SAS subsidiary Spanair has not accounted correctly certain cost and revenues items

January 24, 2006 12:32

The SAS Group has become aware of errors in the Spanair accounts that relates primarily to the years 2002-2004. The SAS Groups internal and external auditors have evaluated the identified errors, which imply that certain revenues and costs not have been accounted correctly. The SAS Group has not suffered any economical loss/damage as a result of the accounting errors. According to the new IFRS rules these differences must be corrected retroactively in the accounts if considered material.

The deviations for 2002-2004 amounts to a total of approx MSEK- 340 and will be corrected through restatement of earlier published results and group equity. Errors for 2005 have also been noted and these have been corrected in the 4th Quarter. The impact for 4th Quarter is MSEK -80. It is still expected that Spanair will reach a positive result in 2005.

The corrections do not affect the SAS Group’s full year outlook for 2005.

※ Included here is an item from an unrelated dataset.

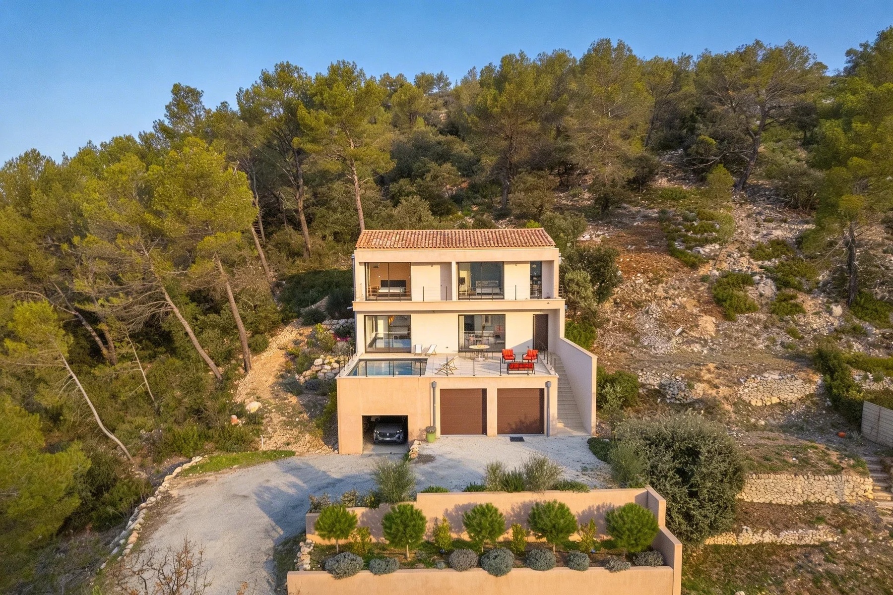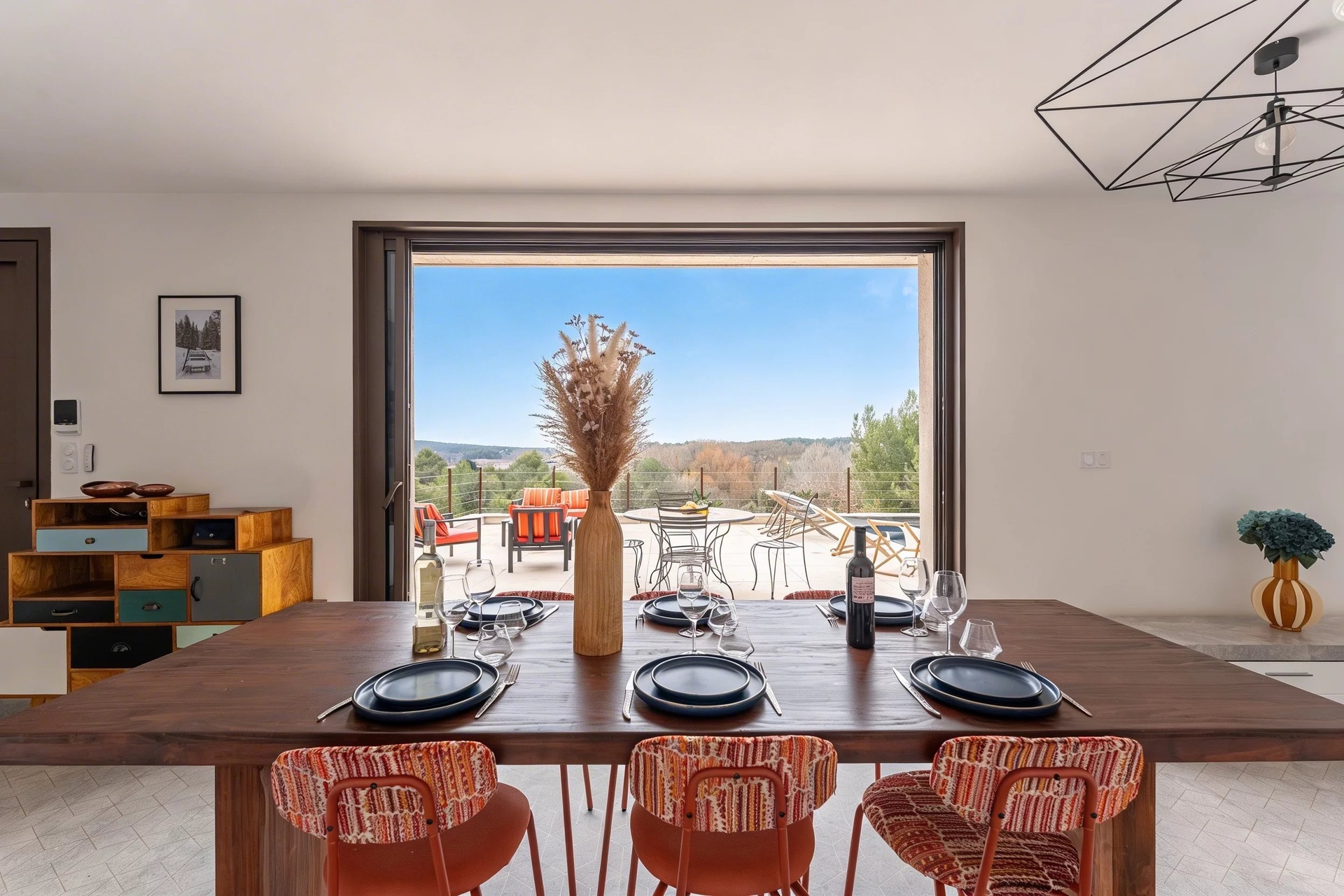 De Ferla presents for sale a magnificent contemporary villa built in 2025, ideally located in a dominant position on the heights of Rognes, in the heart of the sought-after Pie Fouquet estate. This new 170 sqm architect-designed home embodies a rare lifestyle, combining architectural elegance, modern comfort, and immersion in the Provençal countryside.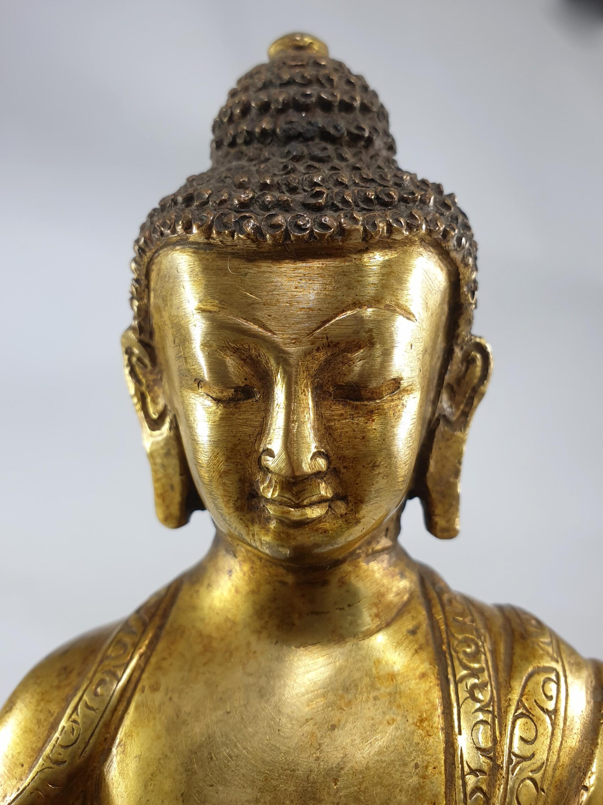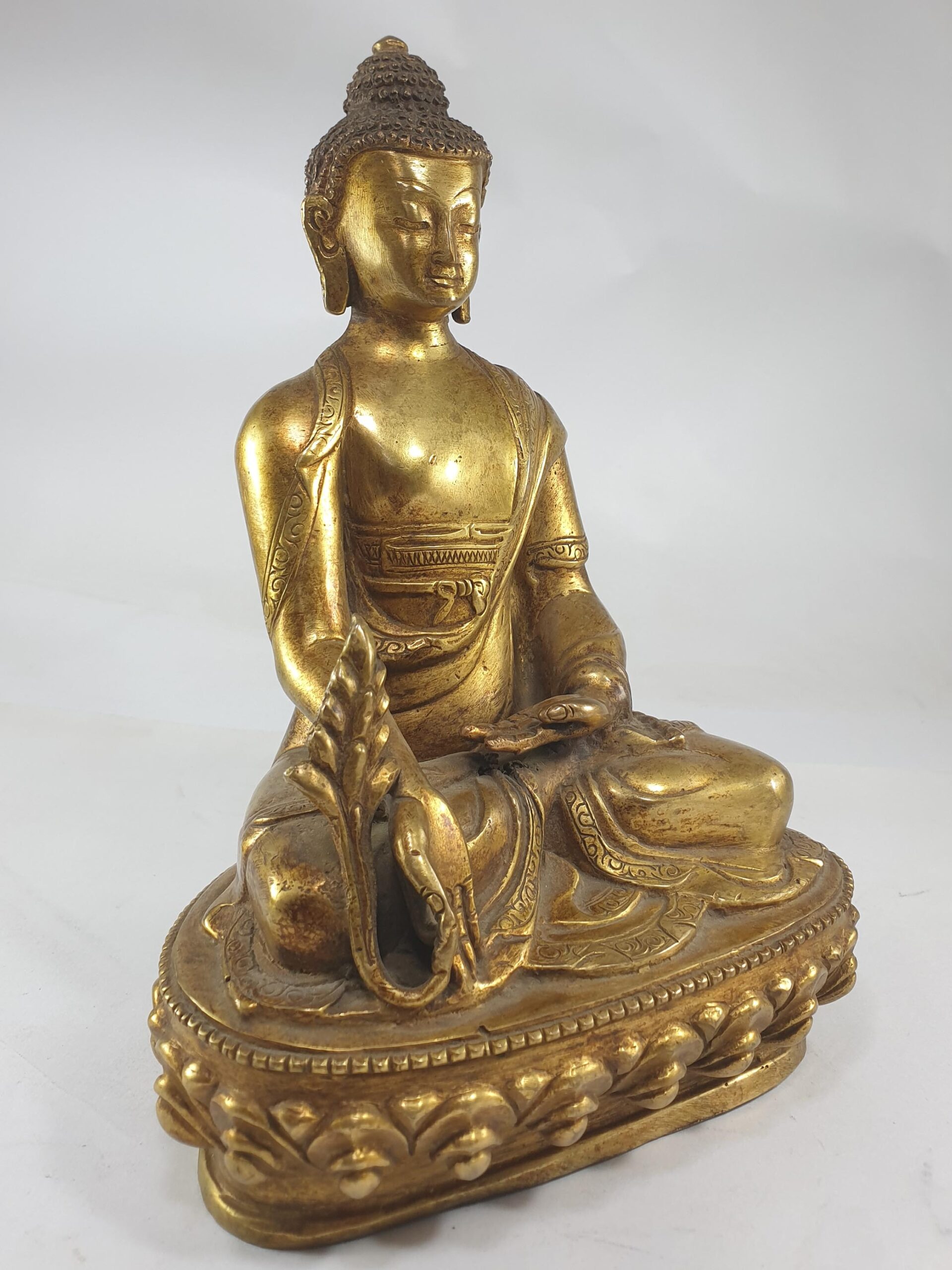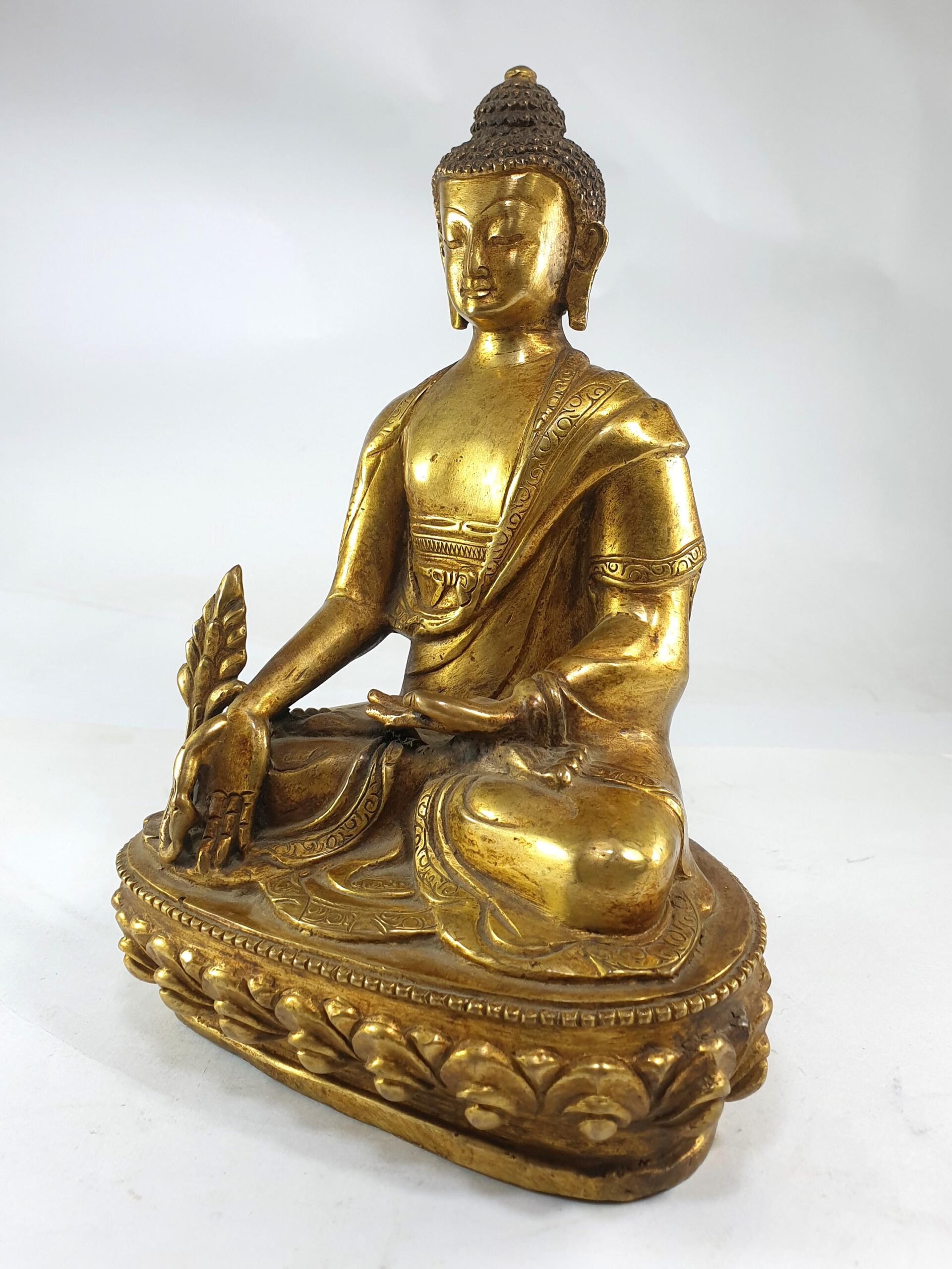 This Medicine Buddha statue is a significant spiritual artifact, combining traditional craftsmanship and healing power. Its full gold plating, Lost-Wax casting, and historical significance make it an exceptional piece for meditation spaces, altars, or collections of sacred Buddhist art.

As a result of the occurred SAS Group’s Management and the Board of Directors of Spanair has made certain organizational changes and improved the work and control processes in Spanair. In addition, an independent study by external auditors and legal advisors has been initiated to clarify all aspects of the matter. Based on the conclusions of this study further actions will be taken to ensure that similar situations will not be repeated in the future. SAS Board of Directors and the Audit Committee have been informed about the matter and will follow up the further handling of it.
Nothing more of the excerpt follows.